On Sky Blue, that process describes the creation of “The ‘Pretty’ Road,” and also, to some extent, the longest piece on the album, “Cerulean Skies,” which conjures bird songs and migration. The title track was inspired by thoughts of a mortally ill friend. Other pieces are less programmatic: “Rich’s Piece” was written to exploit the talent of tenor-saxophonist Rich Perry, and “Aires de Lando” was her attempt to come to terms with the complex lando rhythm of Peru, which she had recently visited.
“Usually the music is attached to something. ‘Sky Blue’ was about the love for a friend, whatever space I was in at that moment. It wasn’t like it was just another day. It was a profound, auspicious time when you have someone that close to you who is passing.” “Rich’s Piece,” on the other hand, was “just a meditation, imagining Rich’s wistful sound.” Sometimes, music is just about music.
Schneider’s music — whatever it’s about — has been gaining traction, and in 2004 she won a Grammy for Concert in the Garden (ArtistShare).
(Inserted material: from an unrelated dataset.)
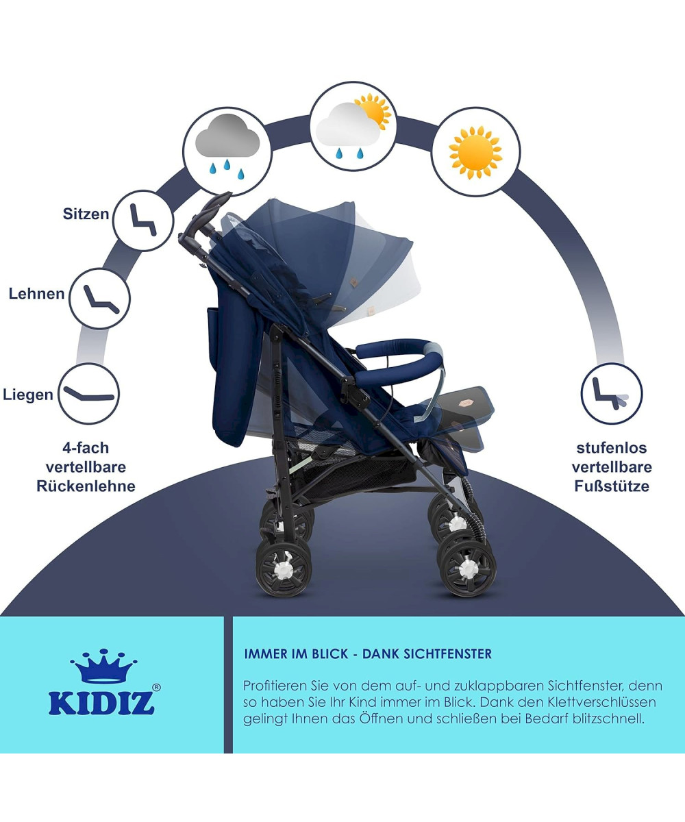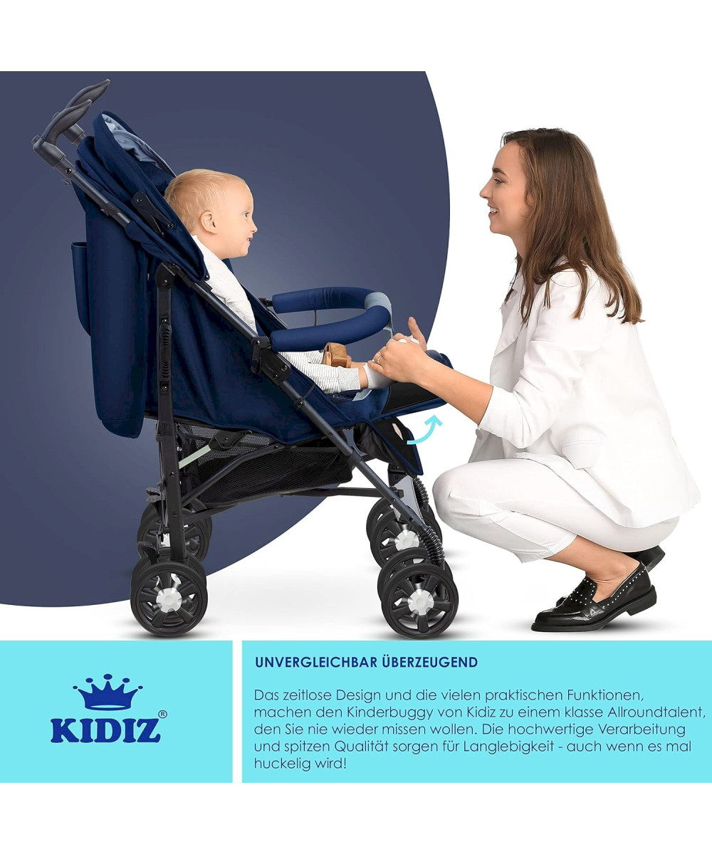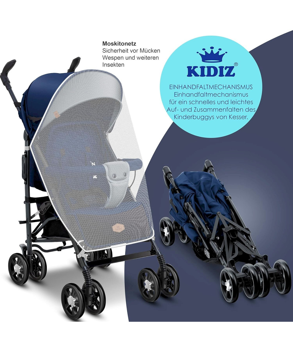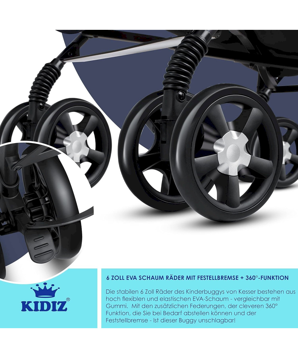 KIDIZ City-Pro Kinderwagen Kinderbuggy Buggy Reisebuggy klappbar Liegeposition Blau/Navy

A former student of Bob Brookmeyer and assistant to Gil Evans, she’s been releasing albums under her own name since 1992. But from 1993 to 1998, her own working orchestra took shape in regular Monday-night gigs at the New York club Visiones. That’s where she began to form lasting relationships with saxophonist Perry, clarinettist Scott Robinson, pianist Frank Kimbrough, and guitarist Ben Monder. “I think you need to play that much in order for the composer to be influenced by the players, and for the players to find a way of phrasing the music that’s their own.”